Correlation and linear models | Roberto Petrosino

Setting up

library(tidyverse) # open our beloved package

examData <- ____ #load the dataframe "examData.csv"
___(___) # how do look at the *structure* of the dataframe (it's not head()...)

The data we will be analyzing today is called examData. A psychologist was interested in the effects of exam stress on exam performance. So, they devised and validated a questionnaire to assess state anxiety relating to exams (called the Exam Anxiety Questionnaire, or EAQ). This scale produced a measure of anxiety scored out of 100. Anxiety was measured before an exam, and the percentage mark of each student on the exam was used to assess the exam performance.

Visualizing the data

Ok, let’s plot the two variables. We will want to plot it as a scatterplot, what is the appropriate geometry?

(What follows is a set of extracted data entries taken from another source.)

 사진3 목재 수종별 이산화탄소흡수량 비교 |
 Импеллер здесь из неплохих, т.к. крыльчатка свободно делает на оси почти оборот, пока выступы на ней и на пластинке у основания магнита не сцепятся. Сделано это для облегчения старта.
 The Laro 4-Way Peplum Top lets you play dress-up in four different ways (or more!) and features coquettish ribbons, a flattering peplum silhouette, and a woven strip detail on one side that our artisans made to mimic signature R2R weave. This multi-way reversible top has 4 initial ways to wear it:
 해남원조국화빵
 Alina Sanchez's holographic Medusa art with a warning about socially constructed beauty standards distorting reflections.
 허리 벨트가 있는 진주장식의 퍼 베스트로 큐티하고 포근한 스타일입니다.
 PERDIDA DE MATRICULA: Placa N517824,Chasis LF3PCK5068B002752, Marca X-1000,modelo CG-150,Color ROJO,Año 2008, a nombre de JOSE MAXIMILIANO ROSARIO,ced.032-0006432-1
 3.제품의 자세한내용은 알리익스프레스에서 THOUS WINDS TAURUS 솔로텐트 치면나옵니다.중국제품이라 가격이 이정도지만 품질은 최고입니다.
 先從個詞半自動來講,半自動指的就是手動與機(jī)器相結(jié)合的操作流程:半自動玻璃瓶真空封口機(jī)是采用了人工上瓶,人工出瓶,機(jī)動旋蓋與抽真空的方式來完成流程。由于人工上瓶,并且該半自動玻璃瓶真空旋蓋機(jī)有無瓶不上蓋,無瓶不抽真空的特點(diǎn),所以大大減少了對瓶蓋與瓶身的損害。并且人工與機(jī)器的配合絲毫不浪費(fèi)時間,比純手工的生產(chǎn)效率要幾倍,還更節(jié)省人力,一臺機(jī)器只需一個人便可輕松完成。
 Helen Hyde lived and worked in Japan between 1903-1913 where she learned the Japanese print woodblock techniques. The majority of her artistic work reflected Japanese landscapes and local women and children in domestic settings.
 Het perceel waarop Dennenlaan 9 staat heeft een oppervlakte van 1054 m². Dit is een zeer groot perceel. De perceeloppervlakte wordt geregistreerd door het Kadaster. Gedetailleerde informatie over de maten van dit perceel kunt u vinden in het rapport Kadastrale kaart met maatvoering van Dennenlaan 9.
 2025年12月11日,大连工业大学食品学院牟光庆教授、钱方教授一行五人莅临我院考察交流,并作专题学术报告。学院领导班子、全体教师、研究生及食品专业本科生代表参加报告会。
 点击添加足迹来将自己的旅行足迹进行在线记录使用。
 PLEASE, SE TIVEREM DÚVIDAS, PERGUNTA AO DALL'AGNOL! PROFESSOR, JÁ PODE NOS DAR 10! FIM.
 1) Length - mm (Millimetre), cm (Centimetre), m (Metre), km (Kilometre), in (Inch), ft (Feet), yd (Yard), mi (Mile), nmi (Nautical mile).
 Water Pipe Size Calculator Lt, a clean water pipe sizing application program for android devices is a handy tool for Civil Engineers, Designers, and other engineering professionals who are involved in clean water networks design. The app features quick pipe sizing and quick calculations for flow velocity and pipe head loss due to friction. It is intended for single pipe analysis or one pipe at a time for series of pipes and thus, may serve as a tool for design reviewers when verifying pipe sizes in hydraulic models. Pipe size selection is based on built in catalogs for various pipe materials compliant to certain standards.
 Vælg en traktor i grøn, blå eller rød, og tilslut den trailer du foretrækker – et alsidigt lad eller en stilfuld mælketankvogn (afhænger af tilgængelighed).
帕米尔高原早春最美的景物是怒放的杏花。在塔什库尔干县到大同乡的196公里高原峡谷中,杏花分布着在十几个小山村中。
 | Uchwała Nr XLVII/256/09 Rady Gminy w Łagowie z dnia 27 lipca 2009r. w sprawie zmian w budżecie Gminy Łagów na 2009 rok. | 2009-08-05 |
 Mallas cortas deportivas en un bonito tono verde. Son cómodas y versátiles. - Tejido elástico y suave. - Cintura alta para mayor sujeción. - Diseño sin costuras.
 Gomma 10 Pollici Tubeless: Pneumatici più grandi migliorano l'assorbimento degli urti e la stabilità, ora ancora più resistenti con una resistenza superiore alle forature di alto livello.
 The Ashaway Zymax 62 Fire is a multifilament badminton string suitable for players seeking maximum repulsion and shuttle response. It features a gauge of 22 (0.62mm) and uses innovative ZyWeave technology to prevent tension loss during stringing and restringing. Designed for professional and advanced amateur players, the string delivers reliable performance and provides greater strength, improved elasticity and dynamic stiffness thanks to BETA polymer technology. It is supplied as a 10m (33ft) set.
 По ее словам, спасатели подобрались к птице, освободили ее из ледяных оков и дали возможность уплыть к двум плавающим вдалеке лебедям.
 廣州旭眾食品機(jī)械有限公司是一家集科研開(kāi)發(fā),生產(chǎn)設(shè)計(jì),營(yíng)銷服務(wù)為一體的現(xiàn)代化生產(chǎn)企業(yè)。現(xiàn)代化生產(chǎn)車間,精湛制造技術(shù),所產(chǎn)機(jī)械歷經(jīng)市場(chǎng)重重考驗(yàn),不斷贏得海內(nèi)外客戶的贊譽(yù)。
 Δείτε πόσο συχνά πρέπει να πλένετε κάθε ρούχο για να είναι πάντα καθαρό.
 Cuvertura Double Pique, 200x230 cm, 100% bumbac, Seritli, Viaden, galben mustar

plotExam <- ggplot(__________)+
  geom_?????()
plotExam

Calculating r

Let’s calculate the correlation between the two variables….this function just gives you Pearson’s r.

r <- cor(examData$x, examData$y) # what are our x and y? Replace them with the appropriate variable from the dataset

But remember you can always calculate Pearson’s r manually. Let’s try that. First, we need the covariance of the two variables. For that, we need:

the covariance

Wait, how do we calculate the covariance?

n <-  # the sample size -- in this case, the number of observations/rows...
meanExamScore <- ______ # the mean of the exam score variable
meanAnxietyScore <- _____ # the mean of the anxiety score variable

cov.byHand <- sum(______)  # Now, we are ready to calculate the covariance. It's the summation of the product between the differences between each value of each variable and its mean, divided by n-1
cov.byFormula <- cov(____, ____) # this is the function for covariance, just to make sure our manual calculations are correct

The maximum variance that the two variables could possibly have: s_x * s_y

max_variance <- ____

Now we are ready to calculate r!

r.byHand <- _____ # is the output the same as the one spit out by the function in l. 24?

…and, why not?, t!

Imagine that you want to have both r, and the corresponding t and p-value. Did you really think that R was gonna leave you to do it manually?

cor.test(x, y, alternative) #what are our x and y? what's our alternative hypothesis?

Although, you could calculate t manually… if you wanted.

How do we do that again? The denominator is hard to remember – it’s $\sqrt{\frac{1-r^2}{n-2}}$.

the square root of the division of 1-r^2 and n-2.

tCorr.byHand <- r.byHand/_______ #

And from there retrieve the p-value

pt() # we want the two-tailed p-value of our t; so, what do we do here?